Clinician characteristics
In total, 75 clinicians were enrolled, with an average age of 38.4; over 50% were female, except in The Netherlands and Peru (Table 2). Nearly 50% were psychiatrists or psychiatric trainees, 28% psychologists, and 15% social workers. Countries differed substantially on several indices. Kenyan clinicians had a mean of 3 years of practice, had seldom/never treated patients of different cultures, and all had <10 h of cultural training.
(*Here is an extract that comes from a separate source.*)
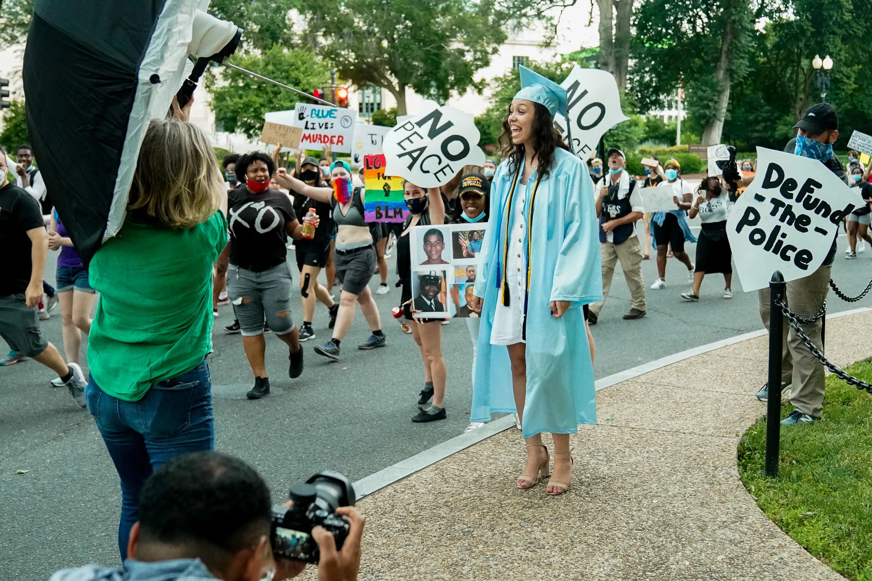 Protesters cheer for high school graduate Leah Powell during a march against racial inequality in the aftermath of the death in Minneapolis police custody of George Floyd, at the Lincoln Memorial in Washington, U.S., June 10, 2020. (Photo by Erin Scott/Reuters)

By contrast Dutch clinicians had 15.6 years of practice, 91% had daily cross-cultural contacts, and half had >50 h of cultural training. The proportion of foreign-born clinicians ranged from 0% in India and Peru to 57% in Canada. All variables differed significantly across countries, except for age and gender.
Clinicians | Canada (n = 7) |
India (n = 21) |
Kenya (n = 5) |
Netherlands (n = 11) |
Peru (n = 5) |
USA (n = 26) |
Total (n = 75) |
Test statistic,
a
χ2 (d.f.) |
P |
---|---|---|---|---|---|---|---|---|---|
Age, mean (s.d.) | 37.57 (7.76) | 34.67 (7.48) | 33.40 (4.39) | 43.64 (11.46) | 39.60 (8.26) | 40.08 (10.26) b | 38.35 (9.12) | 10.39 (5) | 0.065 |
Years providing mental healthcare, mean (s.d.) | 10.14 (5.24) | 7.48 (7.09) | 3.00 (1.22) | 15.55 (12.64) | 6.60 (4.34) | 10.16 (8.61) b | 9.47 (8.58) | 13.12 (5) | 0.022* |
Female, n (%) | 6 (85.71) | 12 (57.14) | 3 (60.00) | 5 (45.45) | 1 (20.00) | 14 (53.85) | 41 (54.67) | 0.377 | |
Professional discipline, n (%) | |||||||||
Psychiatrist/psychiatry trainee | 2 (28.57) | 15 (71.43) | 5 (100) | 2 (18.18) | 5 (100) | 8 (30.77) | 37 (49.33) | <0.001*** | |
Psychologist | 1 (14.29) | 2 (9.52) | 0 (0) | 6 (54.55) | 0 (0) | 12 (46.15) | 21 (28.00) | ||
Social worker | 1 (14.29) | 4 (19.05) | 0 (0) | 3 (27.27) | 0 (0) | 3 (11.54) | 11 (14.67) | ||
Other mental health clinician c | 3 (42.86) | 0 (0) | 0 (0) | 0 (0) | 0 (0) | 3 (11.54) | 6 (8.00) | ||
Foreign-born, n (%) | 4 (57.14) | 0 (0) | 1 (20.00) | 2 (18.18) | 0 (0) | 11 (42.31) | 18 (24.00) | <0.001*** | |
Frequency of contact with patients of different cultures, n (%) | |||||||||
Daily | 4 (57.14) | 12 (57.14) | 0 (0) | 10 (90.91) | 1 (20.00) | 19 (73.08) | 46 (61.33) | <0.001*** | |
Weekly or monthly | 0 (0) | 9 (42.86) | 0 (0) | 1 (9.09) | 4 (80.00) | 4 (15.38) | 18 (24.00) | ||
Seldom or never | 3 (42.86) | 0 (0) | 5 (100) | 0 (0) | 0 (0) | 3 (11.54) | 11 (14.67) | ||
Hours of cultural training | |||||||||
<10 h | 2 (28.57) | 6 (28.57) | 5 (100) | 3 (50.00) d | 0 (0) | 3 (11.54) | 19 (27.14) | 14.05 (5) | 0.015* |
10–50 h | 1 (14.29) | 11 (52.38) | 0 (0) | 0 (0) d | 3 (60.00) | 11 (42.31) | 26 (37.14) | ||
>50 h | 4 (57.14) | 4 (19.05) | 0 (0) | 3 (50.00) d | 2 (40.00) | 12 (46.15) | 25 (35.71) |
a. For the variables female, professional discipline, foreign-born; frequency of contact with patients of different cultures: Fisher's exact test was used.
b. Data unavailable for one participant.
c. Other clinicians: licensed marriage and family therapist (n = 1), social work Intern (n = 1), rehabilitation counsellor (n = 1), psychology trainee (n = 2), unspecified clinician (n = 1).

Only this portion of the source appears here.